The projects are part of GSA‘s “eliminate, optimize or automate” effort over the last two years, an effort that’s only speeding up over time, the spokesperson said.
“We expect that the velocity of AI/ML adoption will accelerate similar to our [robotic process automation] program over the next few years,” the spokesperson said. “The various pilots and projects are on different deployment timeframes but cover all our primary mission areas including Public Buildings Service, Federal Acquisition Service, finance, IT and HR.”
One such project is the Solicitation Review, which uses supervised ML to predict whether federal IT solicitations posted to beta.SAM.gov are compliant with Section 508 of the Rehabilitation Act, which lays out IT accessibility requirements. The tool helps GSA employees more efficiently review solicitations and reduces the risk of noncompliance.
A second automation project is a virtual assistant that provides employees with IT self-help capabilities.
GSA doesn’t rely on one procurement method for AI services, instead using a number of contracts to encourage competition and equity among small and disadvantaged businesses. Such contracts are made available to other agencies as well.
Automation spans a number of technologies including ML, natural language processing, chatbots and RPA — the last of which is often the lowest-hanging fruit for agencies. The State Department, Social Security Program, U.S. Patent and Trademark Office, Department of Labor, Army, Air Force, and Navy are among the agencies that have RPA programs.
A big reason automation projects are on the rise governmentwide is the Federal RPA Community of Practice (CoP) and its voluntary leadership team within GSA, said Jim Walker, chief technology officer at UiPath, during a recent ACT-IAC event.
The government-only user group launched in 2019 and has grown to 69 member agencies and about 1,200 attendees on monthly calls.
In November, the CoP issued a State of Federal RPA report —the first detailed review of the technology across government. The report found a 110% increase in deployed automations between fiscal 2019 and 2020.
Additionally, the report found a 195% increase in capacity hours created.
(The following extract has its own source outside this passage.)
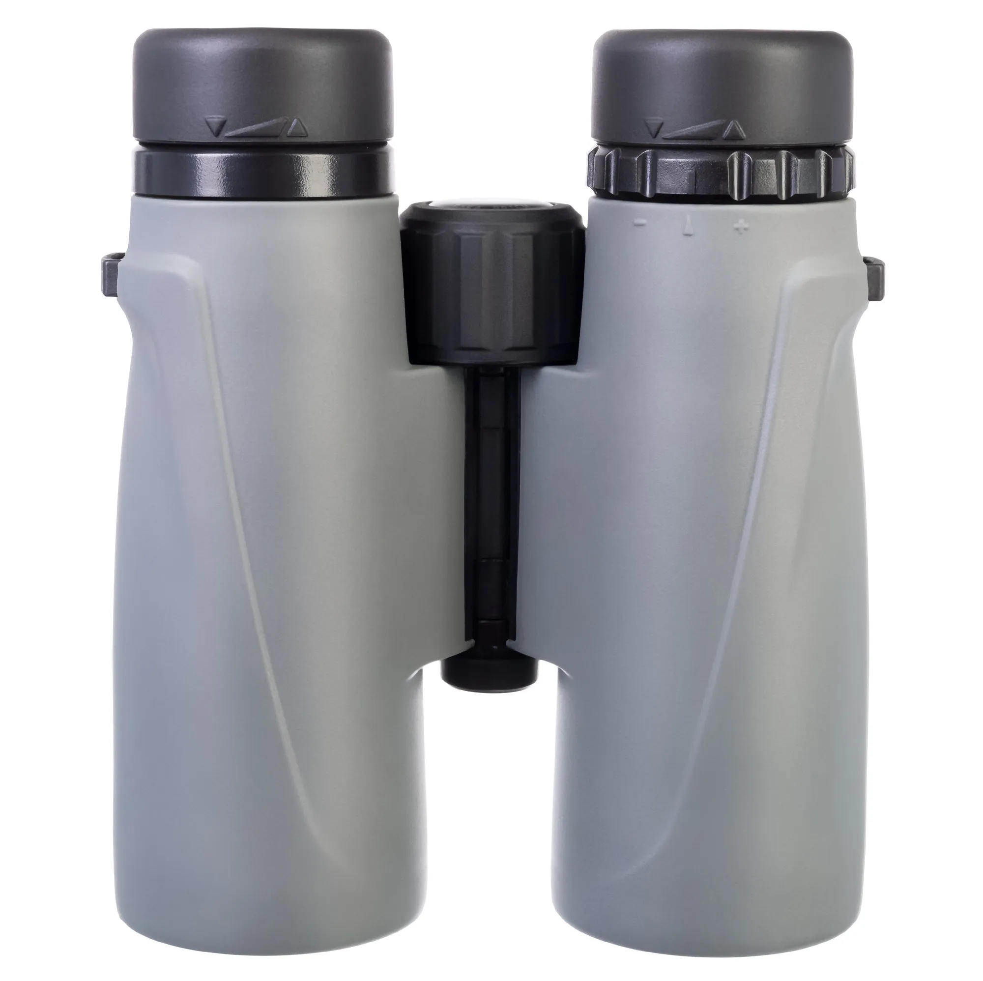 В конструкции бинокля учтено все для комфортногоиспользования. Межзрачковое расстояние можнорегулировать, с помощью поворотно-выдвижных наглазниковудобно менять положение бинокля относительно глаз, естьвозможность настройки диоптрий. Корпус покрыт плотнойсветло-серой резиновой оболочкой – она смягчаетудары и защищает прибор от повреждений. Благодарярельефной поверхности бинокль не скользит в руках.

The CoP created a maturity model for agencies to gauge their RPA progress and saw a 70% increase in Level 4 projects, which went from zero to five between fiscal 2019 and 2020.
While only 23 agencies participated in the first report, that number should grow with enthusiasm for RPA.
GSA Chief Financial Officer Gerard Badorrek recently oversaw a 100-day, industry-wide challenge to create RPA solutions that improved the experience for agencies submitting budget justifications. A total of 10 RPA solutions came out of the event, and 12 employees were trained in the technology.